I have two Paphs. with Hsinying in the cross. My wife looked at one of the tags and said what's this and I did'nt know how pronounce it "HELP". Jim.


----------



## NYEric (Oct 17, 2007)

Looks like "sin-ying", it's a nursery.


----------



## kentuckiense (Oct 17, 2007)

NYEric said:


> Looks like "sin-ying", it's a nursery.



Yep, that's how I always figured it was pronounced. I don't really have any idea, though.


----------



## Hien (Oct 17, 2007)

Taiwanese cross.


----------



## jblanford (Oct 17, 2007)

Thank You.


----------



## littlefrog (Oct 17, 2007)

I've always pronounced it kind of like 'shh'. So 'shinying'. I don't know if that is right or not, I may have misunderstood the chinese grad student who was trying to teach me.
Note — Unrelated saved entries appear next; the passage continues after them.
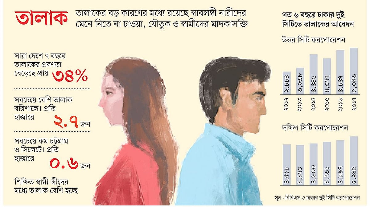 প্রথম আলোর প্রতিবেদনটির শিরোনাম ছিল ‘ঢাকায় দিনে ৩৯টি তালাক’। এর মূল বক্তব্য— বাংলাদেশে বিবাহবিচ্ছেদ বাড়ছে। এ বছরের গত পাঁচ মাসে গত বছরের একই সময়ের তুলনায় বিবাহবিচ্ছেদের হার ৩০ ভাগ বেশি। বিবাহবিচ্ছেদের ৭০ ভাগ আবেদনই এসেছে নারীদের পক্ষ থেকে। করোনাকালে বিচ্ছেদের ঘটনা বেশি ঘটছে। একই প্রতিবেদনে এ কথাও এসেছে যে আসলে করোনার আগেই অর্থাৎ ২০১৯ সালেও প্রতি মাসে গড়ে ৯২০টি তালাকের ঘটনা ঘটেছে।
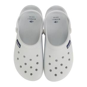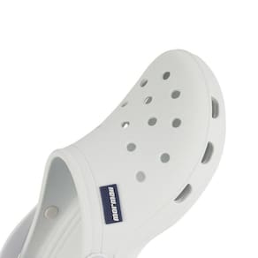 O enfeite em plastisol simula uma etiqueta com costuras em volumetria, e a tampografia no calcanhar com o logo da marca reforça a pegada institucional desse produto. Para completar, vazados na lateral do cabedal proporcionam maior arejamento para o calce.
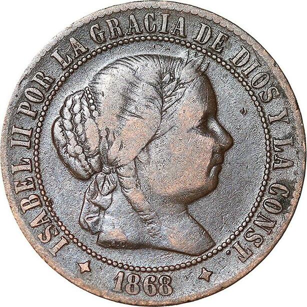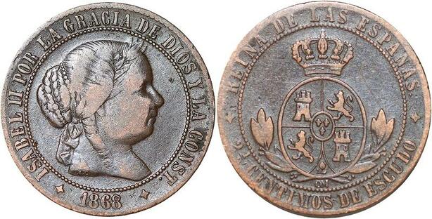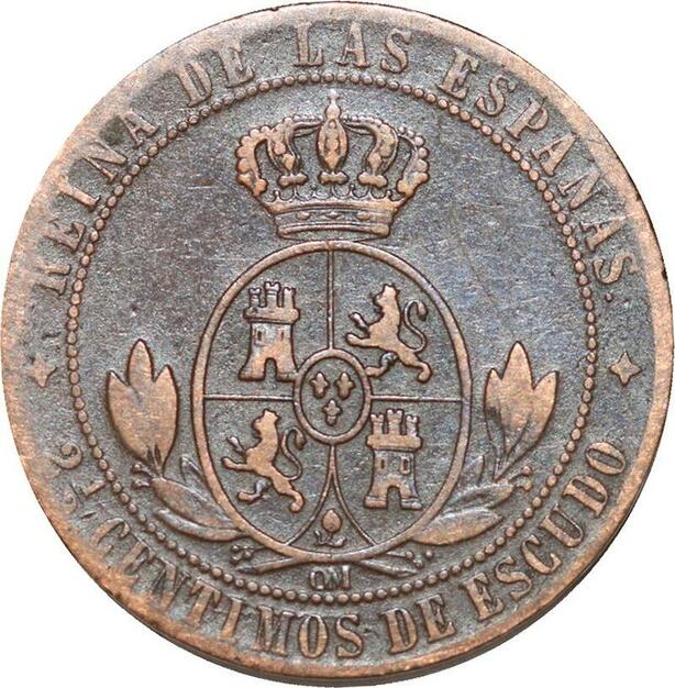 R3931 Spain 2 1/2 Centimos Isabel II 1868 OM 4 pointed star Jubia -> Make Offer

I don't have an ear for chinese, as much as I try.


----------



## NYEric (Oct 17, 2007)

I can pronounce it but it's easiest to spell it out phonetically so the gwuy-low can pronounce it.


----------



## MoreWater (Oct 17, 2007)

NYEric said:


> gwuy-low



:rollhappy:

There he goes, brandishing his superiority again.


----------



## NYEric (Oct 17, 2007)

MoreWater said:


> :rollhappy:
> 
> There he goes, brandishing his superiority again.



Nope, not superiority connection w/ my mongolian brotha's.


----------



## Paphs_in_Rocks (Oct 17, 2007)

Although my ear for languages is not the best, a Taiwanese colleague pronouces it kind of half-way between sin-ying and shin-ying. The nursery is called Ching Hua Orchids and is located in Hsinying very close to Tainan. Plants with either Hsinying or Ching Hua in their name come from this nursery.
In-Charm Orchids has a nursery in the same general area also and I hope I can make a visit there some time in the not to distant future.


----------